- _EXERCISE AIM_
Please restate the data that follows word for word, with the pictures left out.

- _INPUT DATA_
=== Begin Enclosure ===

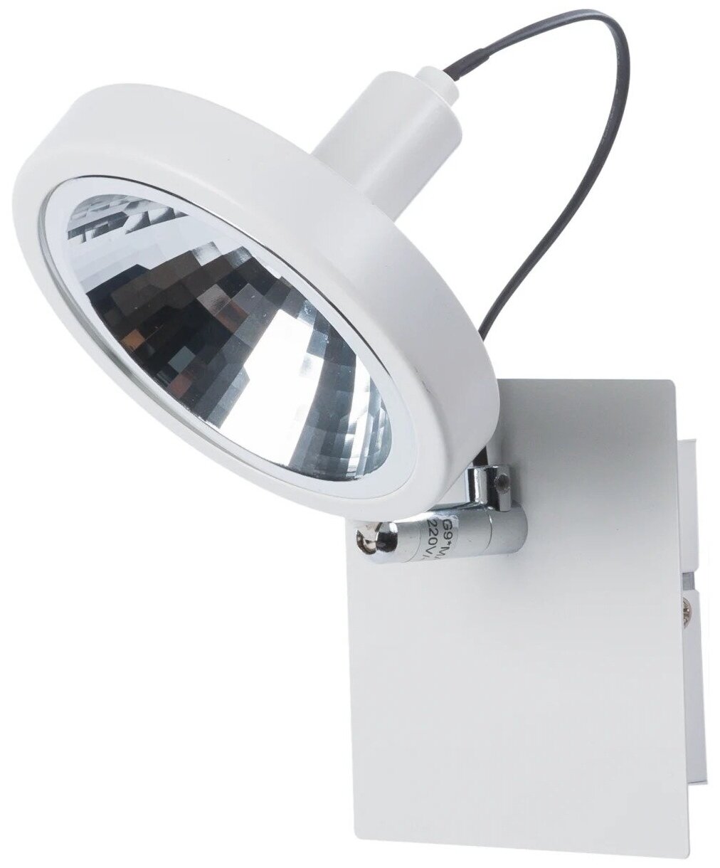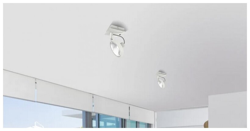 Плоский плафон белого цвета с прозрачным рассеивателем создает широкий поток света, а за счет поворотного механизма можно направить его в нужную точку. Светильник полностью выполнен из металла и может монтироваться как на стену, так и на потолок. В данной модели могут использоваться светодиодные или галогенные лампы с подходящим цоколем. Весь необходимый крепеж входит в комплект.
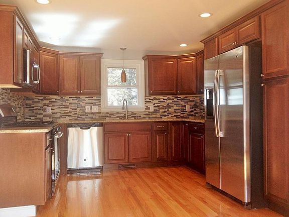Welcome to this beautifully renovated dormered cape located in a great neighborhood near the center of town. 1st floor has an open concept layout with a beautiful new kitchen, recessed lighting, gleaming hardwood floors and new bathroom with tiled flooring and tub surround. Kitchen boasts new cabinets, granite counters, tiled backsplash and S/S appliances. Top floor has 2 spacious bedrooms with recessed lighting and a brand new bathroom. There is also a newly finished family room in basement with lots of natural light. The interior renovations include new plumbing, electrical, lighting, flooring, trim, doors, bathrooms, kitchen, fresh paint and much more! Exterior updates include new oversized deck overlooking a spacious, flat backyard, new roof, new 8' dormers, custom stone work leading up to the front of the house and fresh landscaping. Commuter rail only minutes away! Quick closing preferred. Value range pricing from $399K-425K
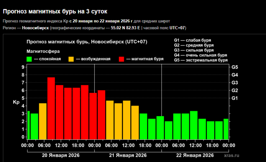 Геомагнитная обстановка начнёт стабилизироваться  21 января, но полностью всё придёт в норму не ранее, чем через 2-3 суток.
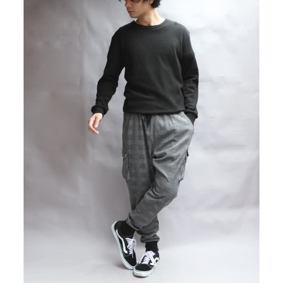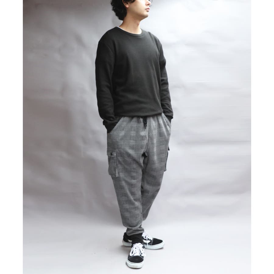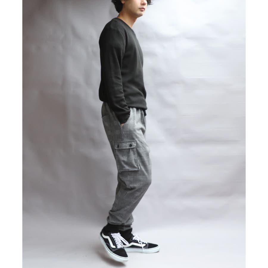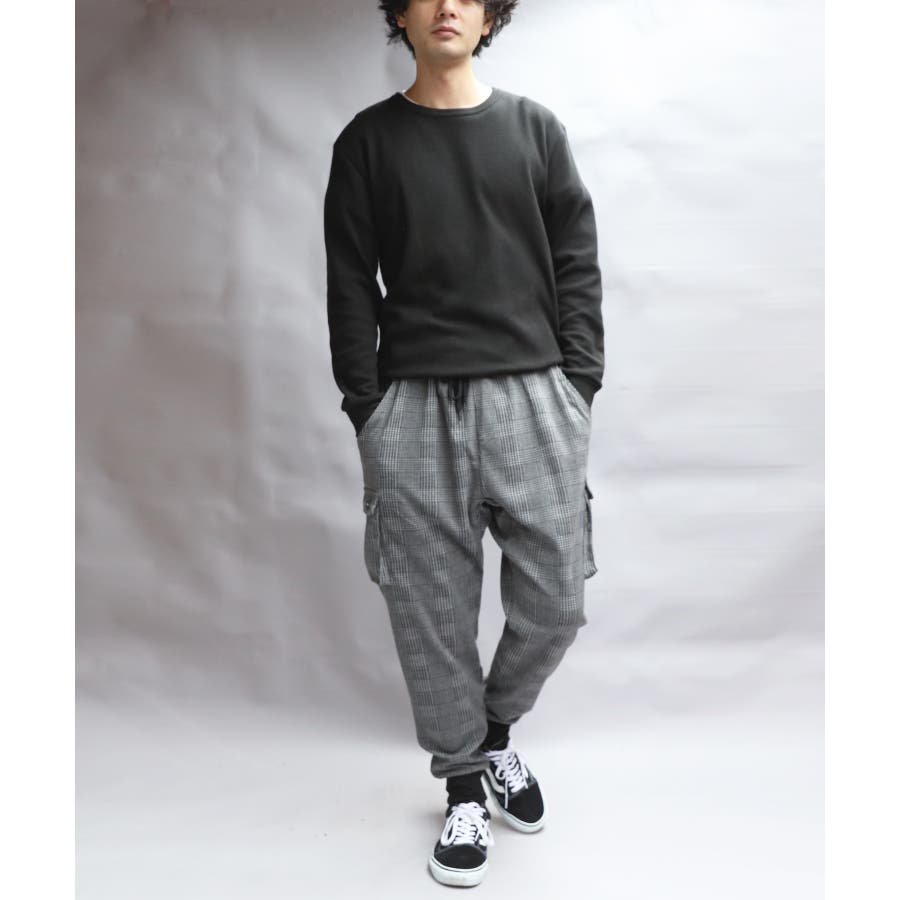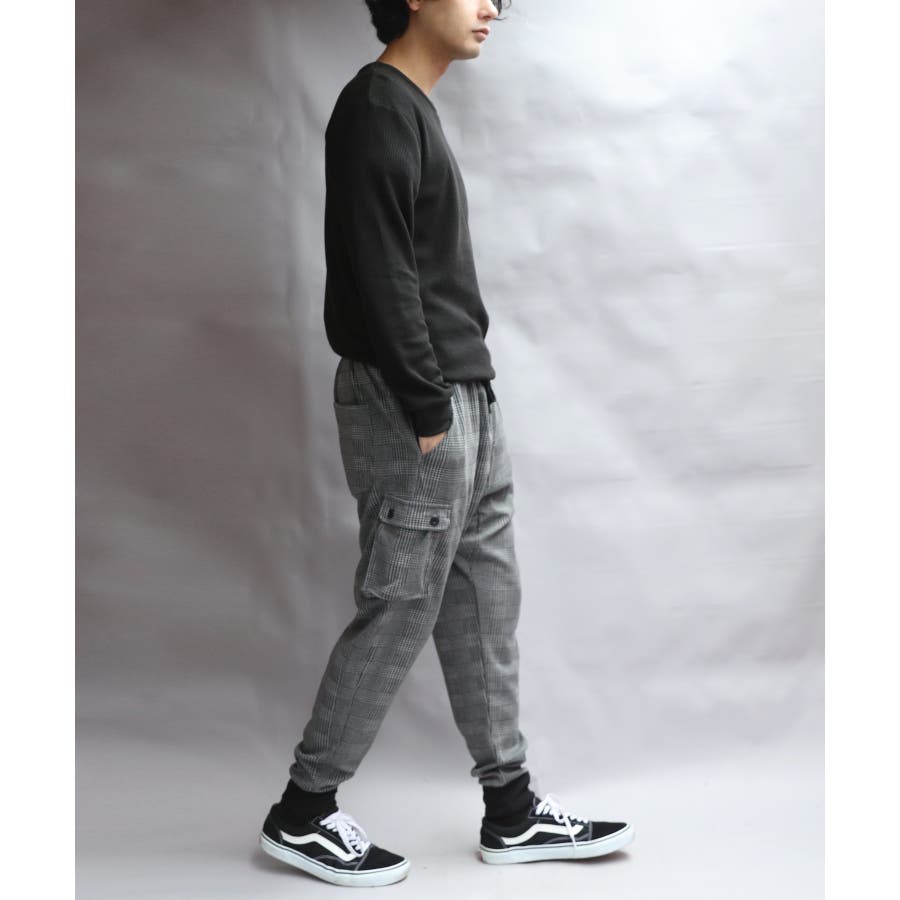 カジュアルスタイルにぴったりな「ポンチサルエルカーゴパンツ」のご紹介です。ストリートスタイルスポーティスタイルにおすすめのチェックパンツの登場。伸縮性のある柔らかな着心地は、デイリーはもちろん運動やリラックスタイムに重宝します。ジョガーパンツのシルエットにサイドポケットを追加し機能性も◎伸縮性がとてもあり、より良い着心地を実現。
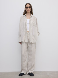 Eased drawstring trousers made from fluid Italian viscose featuring front slanted pockets, back welt pockets, and an elasticated waist. FIT & SIZING Model is 177 cm / 5'8" and is wearing a size 36, UK 8, US 4. MATERIAL 85% Eco-friendly viscose, 15% elastane GARMENT CARE Machine wash 30 GARMENT ORIGIN Produced in Portugal

=== End Enclosure ===

- _ANSWER SPACE_
 Плоский плафон белого цвета с прозрачным рассеивателем создает широкий поток света, а за счет поворотного механизма можно направить его в нужную точку. Светильник полностью выполнен из металла и может монтироваться как на стену, так и на потолок. В данной модели могут использоваться светодиодные или галогенные лампы с подходящим цоколем. Весь необходимый крепеж входит в комплект.
Welcome to this beautifully renovated dormered cape located in a great neighborhood near the center of town. 1st floor has an open concept layout with a beautiful new kitchen, recessed lighting, gleaming hardwood floors and new bathroom with tiled flooring and tub surround. Kitchen boasts new cabinets, granite counters, tiled backsplash and S/S appliances. Top floor has 2 spacious bedrooms with recessed lighting and a brand new bathroom. There is also a newly finished family room in basement with lots of natural light. The interior renovations include new plumbing, electrical, lighting, flooring, trim, doors, bathrooms, kitchen, fresh paint and much more! Exterior updates include new oversized deck overlooking a spacious, flat backyard, new roof, new 8' dormers, custom stone work leading up to the front of the house and fresh landscaping. Commuter rail only minutes away! Quick closing preferred. Value range pricing from $399K-425K
 Геомагнитная обстановка начнёт стабилизироваться  21 января, но полностью всё придёт в норму не ранее, чем через 2-3 суток.
 カジュアルスタイルにぴったりな「ポンチサルエルカーゴパンツ」のご紹介です。ストリートスタイルスポーティスタイルにおすすめのチェックパンツの登場。伸縮性のある柔らかな着心地は、デイリーはもちろん運動やリラックスタイムに重宝します。ジョガーパンツのシルエットにサイドポケットを追加し機能性も◎伸縮性がとてもあり、より良い着心地を実現。
 Eased drawstring trousers made from fluid Italian viscose featuring front slanted pockets, back welt pockets, and an elasticated waist. FIT & SIZING Model is 177 cm / 5'8" and is wearing a size 36, UK 8, US 4. MATERIAL 85% Eco-friendly viscose, 15% elastane GARMENT CARE Machine wash 30 GARMENT ORIGIN Produced in Portugal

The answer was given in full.